Once you reach the line with "威風堂々としたこの建物の中に", copy it and every line after it exactly, up to the end of the data. Omit the pictures.

....

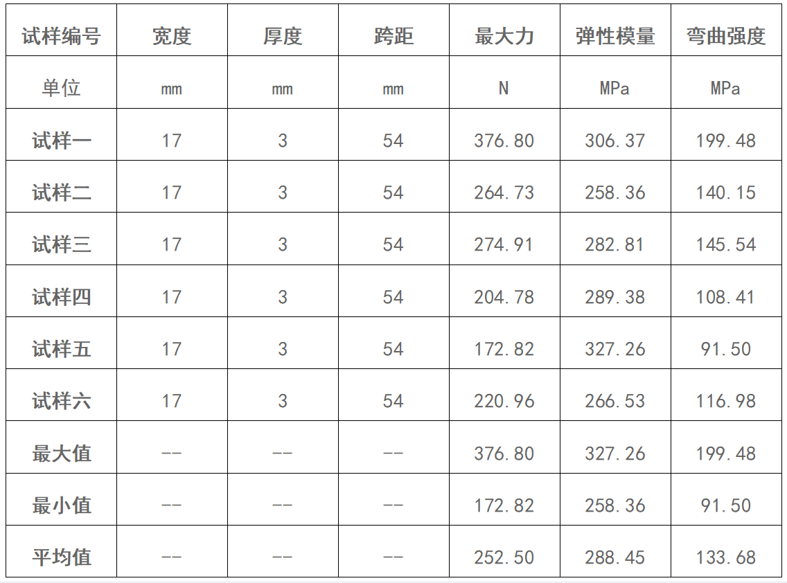 試驗報告:求最大力、抗拉強度、抗彎強度
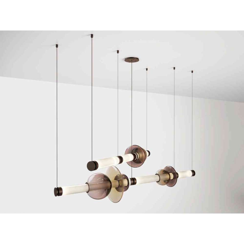 Zainspirowana księżycowym halo, seria LUNA oferuje wysoce konfigurowalne modułowe oprawy oświetleniowe, które rozrastają się we wszystkich kierunkach, gdy system montażu jest poziomy lub pionowy, układając kolor na kolor różnych kształtów dmuchanego szkła i została zaprojektowana tak, aby oferować nieskończone interpretacje ton, kształt i załamanie światła.
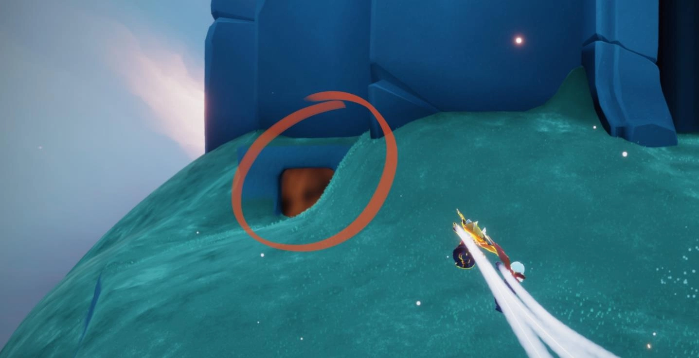 接下来要找的就是最后一个了,他是拒绝先祖。若想找到他,各位先来到这个台子上,进入后朝着前方的神庙飞去,在神庙左侧能看到一个洞口,第三个先祖就藏在这个洞里哦。
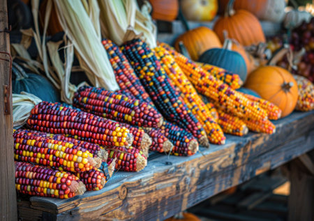 Colorful corn cobs and pumpkins display on rustic wooden table, autumn harvest concept
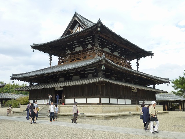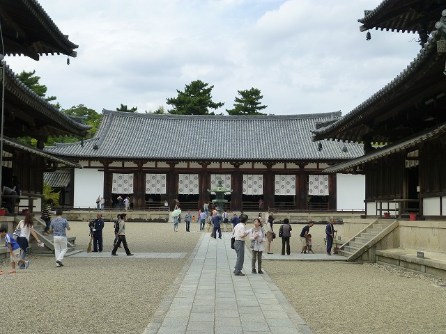威風堂々としたこの建物の中には、聖徳太子のために造られた金銅釈迦三尊像(飛鳥時代)、
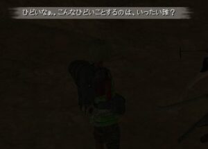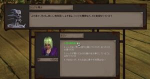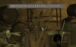 宿屋にいるとシェクウヨに絡まれます、フラットスキンを見下してそうな事を言ってきますが逆に質問すると今のシェク王国の状況を親切に教えてくれます。

....

◆ Expected output
威風堂々としたこの建物の中には、聖徳太子のために造られた金銅釈迦三尊像(飛鳥時代)、
 宿屋にいるとシェクウヨに絡まれます、フラットスキンを見下してそうな事を言ってきますが逆に質問すると今のシェク王国の状況を親切に教えてくれます。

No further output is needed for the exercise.